**EXERCISE DIRECTIONS:** Repeat the following data exactly, omitting pictures.

----------------

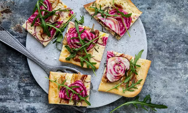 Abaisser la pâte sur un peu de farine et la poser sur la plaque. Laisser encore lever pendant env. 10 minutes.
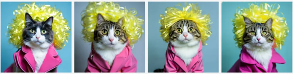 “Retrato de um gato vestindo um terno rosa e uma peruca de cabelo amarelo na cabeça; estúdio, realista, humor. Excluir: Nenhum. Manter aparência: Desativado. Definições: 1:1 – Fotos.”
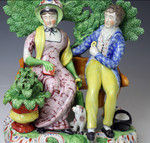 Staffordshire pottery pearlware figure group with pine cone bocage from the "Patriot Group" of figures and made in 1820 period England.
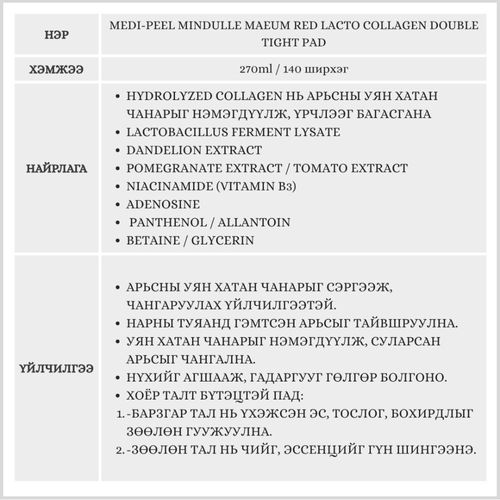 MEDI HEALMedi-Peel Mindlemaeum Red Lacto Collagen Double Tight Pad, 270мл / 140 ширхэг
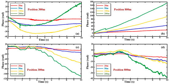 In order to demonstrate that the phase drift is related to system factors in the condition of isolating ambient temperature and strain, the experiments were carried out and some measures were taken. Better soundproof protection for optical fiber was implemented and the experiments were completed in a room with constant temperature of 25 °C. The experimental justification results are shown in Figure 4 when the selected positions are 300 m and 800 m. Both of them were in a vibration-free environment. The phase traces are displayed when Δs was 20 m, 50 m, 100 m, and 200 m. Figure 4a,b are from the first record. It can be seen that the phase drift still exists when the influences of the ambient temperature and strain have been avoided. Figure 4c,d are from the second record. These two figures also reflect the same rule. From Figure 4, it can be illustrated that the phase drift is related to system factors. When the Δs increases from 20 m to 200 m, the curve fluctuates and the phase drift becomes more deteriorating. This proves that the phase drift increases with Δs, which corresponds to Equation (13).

----------------

**EXPECTED ANSWER:**
 Abaisser la pâte sur un peu de farine et la poser sur la plaque. Laisser encore lever pendant env. 10 minutes.
 “Retrato de um gato vestindo um terno rosa e uma peruca de cabelo amarelo na cabeça; estúdio, realista, humor. Excluir: Nenhum. Manter aparência: Desativado. Definições: 1:1 – Fotos.”
 Staffordshire pottery pearlware figure group with pine cone bocage from the "Patriot Group" of figures and made in 1820 period England.
 MEDI HEALMedi-Peel Mindlemaeum Red Lacto Collagen Double Tight Pad, 270мл / 140 ширхэг
 In order to demonstrate that the phase drift is related to system factors in the condition of isolating ambient temperature and strain, the experiments were carried out and some measures were taken. Better soundproof protection for optical fiber was implemented and the experiments were completed in a room with constant temperature of 25 °C. The experimental justification results are shown in Figure 4 when the selected positions are 300 m and 800 m. Both of them were in a vibration-free environment. The phase traces are displayed when Δs was 20 m, 50 m, 100 m, and 200 m. Figure 4a,b are from the first record. It can be seen that the phase drift still exists when the influences of the ambient temperature and strain have been avoided. Figure 4c,d are from the second record. These two figures also reflect the same rule. From Figure 4, it can be illustrated that the phase drift is related to system factors. When the Δs increases from 20 m to 200 m, the curve fluctuates and the phase drift becomes more deteriorating. This proves that the phase drift increases with Δs, which corresponds to Equation (13).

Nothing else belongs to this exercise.